City College student Jacqueline Ayende Rodriguez, who is from Puerto Rico, described the program as “a great way to go home and give back after not being home for so long.”

Helping to rebuild someone’s home, she noted, is a very “personal” experience.

“All the memories they have there — you’re a part of rebuilding that,” she said.

On Monday, the students got a chance to meet with CUNY Chancellor Félix Matos Rodríguez, who became the system’s first Latino chancellor when he took office earlier this year.

Chancellor Rodríguez, who was born and raised in Puerto Rico, said one of the program’s aims is to shed light on the work that still needs to be done on the island.

“The idea of service is very much part of the DNA of the City University of New York, and we have no better ambassadors than these students,” he said.

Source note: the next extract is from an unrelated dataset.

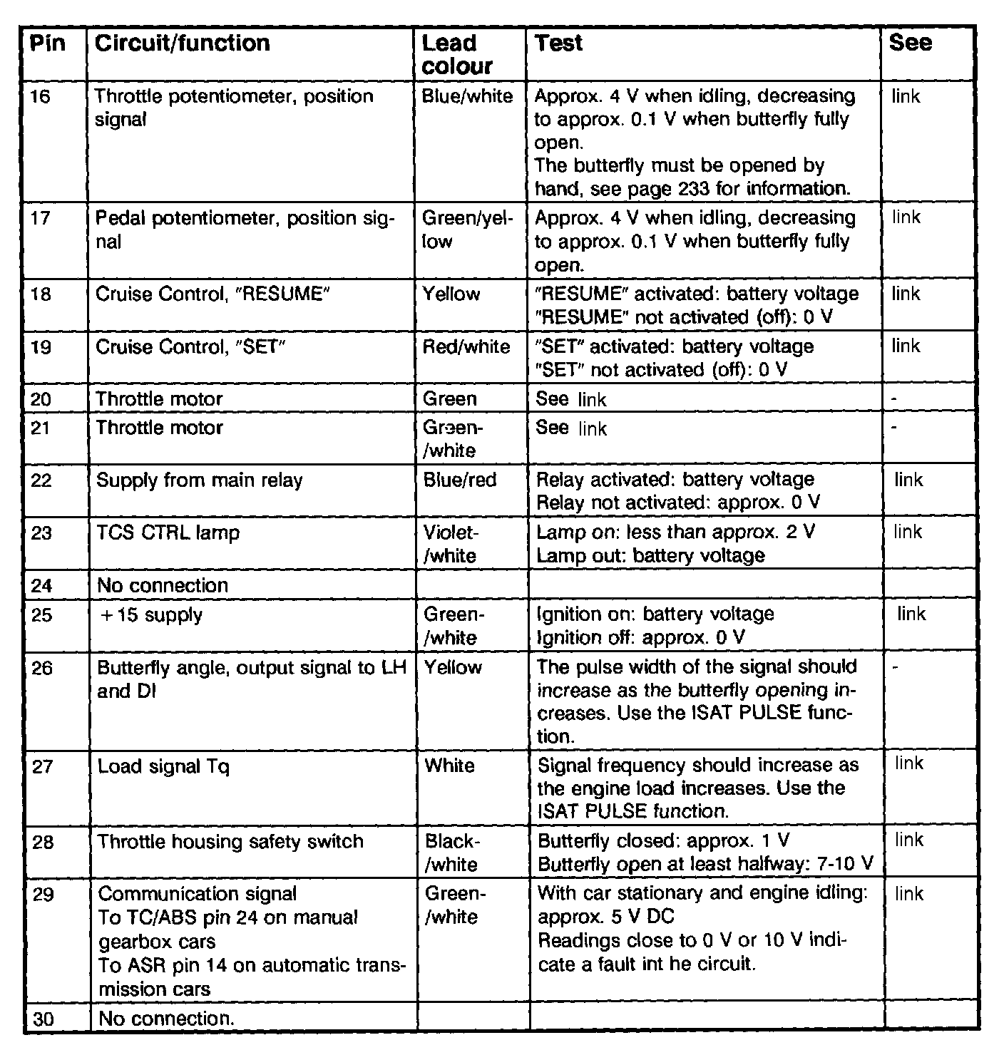 The following contain values and instructions for measuring voltage levels on the ASR control unit. This table naturally only covers cars with an automatic transmission.

CUNY is in the recovery and rebuilding effort “for the long haul,” he added.

“It’s a small island, but there are still so many families that need help,” said City College student Soreily Sarante, who is also returning to volunteer on the island.  

Lina Maldonado, a rising senior at the College of Staten Island, will be going to Puerto Rico as a volunteer for the first time this summer.

“I do feel that when this happened to Puerto Rico, they didn’t receive the help that they needed,” she said.

“So it’s amazing to know that CUNY has given a bunch of students the opportunity to go … and help these individuals and make a difference."